Create a sub-folder (e.g. templates) to store the downloaded structures.

mkdir templates
cd templates

Download and analyse 4ode and 4odf using Pymol.

pymol

fetch 4ode, type=pdb1, async=0
fetch 4odf, type=pdb1, async=0
as cartoon
zoom vis

The fetch command of Pymol retrieves a structure from the RCSB PDB database. The async option enables/disables the asynchronous behavior of the download, or, in other words, if Pymol waits for the fetch command to finish before executing the next command. We set it to 0, as otherwise the two last commands will fail. The default set of coordinates downloaded by Pymol is that of the asymmetric unit (see here), the smallest portion of crystal structure to which symmetry operations can be applied to generate the complete unit cell, which is the crystal repeating unit. Sometimes the asymmetric unit contains several copies of the structure of interest, which can be tedious to handle when performing analyses. To circumvent this, the RCSB PDB asks the authors of each crystal structure to provide their interpretation of a biological unit, or the structure that is actually functionally active. This can be a simple monomer, or a multi-molecule assembly, such as in the case of viral capsids. Besides the biological unit assigned by the authors, the RCSB PDB has also software that automatically detects the biological unit. In the end, specifying type=pdb1 to Pymol requests the first biological unit of that particular structure, which is usually appropriate enough. For both 4ode and 4odf, there is only one protein molecule in the biological unit, which corresponds to chain A. The structures also contain additional molecules, such as the co-crystallized ligand, solvent, and other small leftovers of the crystallization process (e.g. SO₄). As these will not be needed for the modeling, remove them. Then, align the structures on each other using the align command.

remove solvent
remove het
align 4odf and name ca+c+n+o, 4ode and name ca+c+n+o, object=aln_4ode_4odf

Coincidentally, the two structures are roughly aligned already from the beginning. The align command in Pymol performs a sequence-based structure alignment, meaning it superimposes two structures after aligning their sequences to find equivalent pairs of atoms. As it is written above, the command will minimize the distances between all equivalent pairs of backbone atoms in the two structures, using 4ode as a reference. The sequence alignment is saved in a separate object, aln_4ode_4odf, that can also be visualized to give information on which atoms match which and where the biggest differences lie. The output of the alignment command is also worthy of reading:

Match: read scoring matrix.
Match: assigning 99 x 105 pairwise scores.
MatchAlign: aligning residues (99 vs 105)...
ExecutiveAlign: 396 atoms aligned.
ExecutiveRMS: 17 atoms rejected during cycle 1 (RMS=0.26).
ExecutiveRMS: 12 atoms rejected during cycle 2 (RMS=0.22).
ExecutiveRMS: 6 atoms rejected during cycle 3 (RMS=0.20).
ExecutiveRMS: 3 atoms rejected during cycle 4 (RMS=0.20).
ExecutiveRMS: 2 atoms rejected during cycle 5 (RMS=0.19).
Executive: RMS =    0.192 (356 to 356 atoms)
Executive: object "aln_4ode_4odf" created.

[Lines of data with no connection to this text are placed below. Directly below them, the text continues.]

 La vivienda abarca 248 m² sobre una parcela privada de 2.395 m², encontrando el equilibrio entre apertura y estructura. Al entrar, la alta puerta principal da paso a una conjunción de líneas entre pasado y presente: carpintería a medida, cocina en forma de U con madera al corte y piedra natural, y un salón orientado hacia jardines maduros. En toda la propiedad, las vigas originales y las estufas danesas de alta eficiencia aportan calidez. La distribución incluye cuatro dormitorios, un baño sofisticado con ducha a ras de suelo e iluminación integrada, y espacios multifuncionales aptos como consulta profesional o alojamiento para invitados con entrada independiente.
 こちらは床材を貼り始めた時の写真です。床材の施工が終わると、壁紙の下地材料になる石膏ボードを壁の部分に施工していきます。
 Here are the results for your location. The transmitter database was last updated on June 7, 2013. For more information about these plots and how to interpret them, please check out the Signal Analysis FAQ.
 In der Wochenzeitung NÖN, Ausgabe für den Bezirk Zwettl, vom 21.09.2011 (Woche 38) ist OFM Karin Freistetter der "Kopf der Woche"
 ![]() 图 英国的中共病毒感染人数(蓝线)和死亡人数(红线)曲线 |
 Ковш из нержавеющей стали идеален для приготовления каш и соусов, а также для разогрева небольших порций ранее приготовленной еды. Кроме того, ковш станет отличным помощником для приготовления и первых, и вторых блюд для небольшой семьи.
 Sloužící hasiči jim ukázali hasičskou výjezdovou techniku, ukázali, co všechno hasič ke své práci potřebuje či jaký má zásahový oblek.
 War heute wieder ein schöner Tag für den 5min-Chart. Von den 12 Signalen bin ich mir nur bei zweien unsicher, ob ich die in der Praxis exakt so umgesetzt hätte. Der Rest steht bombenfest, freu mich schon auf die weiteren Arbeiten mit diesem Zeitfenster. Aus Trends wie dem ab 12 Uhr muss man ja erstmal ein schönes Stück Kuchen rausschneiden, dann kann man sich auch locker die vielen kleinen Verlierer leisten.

Why is there a different number of residues between the two structures?

The align command aligns the minimum number of common atoms (99 x 4 = 396) between the structures and iteratively removes outliers, those that contribute the most to the RMS value, in order to optimize the superimposition. The default number of cycles is 5, but this can be controlled with the cycles option (e.g. cycles=1). This is sometimes useful to obtain a proper full-structure RMS value, since there is no control over which atoms are effectively removed; i.e. different pairs of structures can, and will likely have, different outliers that make comparisons between RMS values wrong. In this case, since there is only one comparison to make and the initial RMS is already extremely low (0.26Å), controlling the number of cycles is a futile exercise.

Besides observing and analyzing the structures, Pymol provides information about the superimposition in the sequence viewer. To access it, click the S icon on the bottom right corner of the viewer window or click on Display -> Sequence on the menu bar. The residues are represented in one-letter notation and gaps in the sequence alignment (if the object is active) are represented as dashes. Residues whose atoms have been removed during the iterative optimization of the superimposition are colored gray. This allows users to quickly check which regions are not matching. Note though that the align command performs a pairwise sequence alignment, and that if you have done multiple alignments you should check each one separately.

Either way, the quick analysis shows that 4ode and 4odf are similar not only in name but also in conformation. In fact, they are virtually identical with an RMS below 0.5Å!

Repeat the same analysis for the top hit of HMMER: 1z1m

Why can’t Pymol fetch 1z1m if type is set to pdb1? Why does it work if you remove this option altogether?

What can you conclude from the conformational variability of MDM2 from the various structures deposited in the RCSB PDB?

Having concluded that 4ode is a suitable template to model mouse MDM2, save the structure (without solvent or heteroatoms) from Pymol to a new PDB file.

save 4ODE_A.pdb, 4ode

Another common issue with PDB files is the presence of atoms with multiple occupancies, or atoms whose position could not be unambiguously determined in the electron density map. Modeling programs usually complain, sometimes loudly, about these and they add little to no information to the modeling protocol itself (although they can be useful in some specific scenarios!). Usually, it suffices to keep the highest occupancy position of each atom.

Using the pdb-tools suite, clean the 4ODE_A PDB file of multiple occupancies.

pdb_delocc.py 4ODE_A.pdb > 4ODE_A.pdb.clean
mv 4ODE_A.pdb.clean 4ODE_A.pdb

As a side note, choosing one single template might not be ideal in all cases. When modeling a multi-domain protein, for example, or when a single domain is not complete in any template, it is wise to use multiple templates simultaneously to build the model. Some also defend that using multiple templates for a single domain might help eliminating errors from the crystal structures, although this is disputed. Regardless, this is beyond the scope of this course. Have a look here if you want to explore this issue further.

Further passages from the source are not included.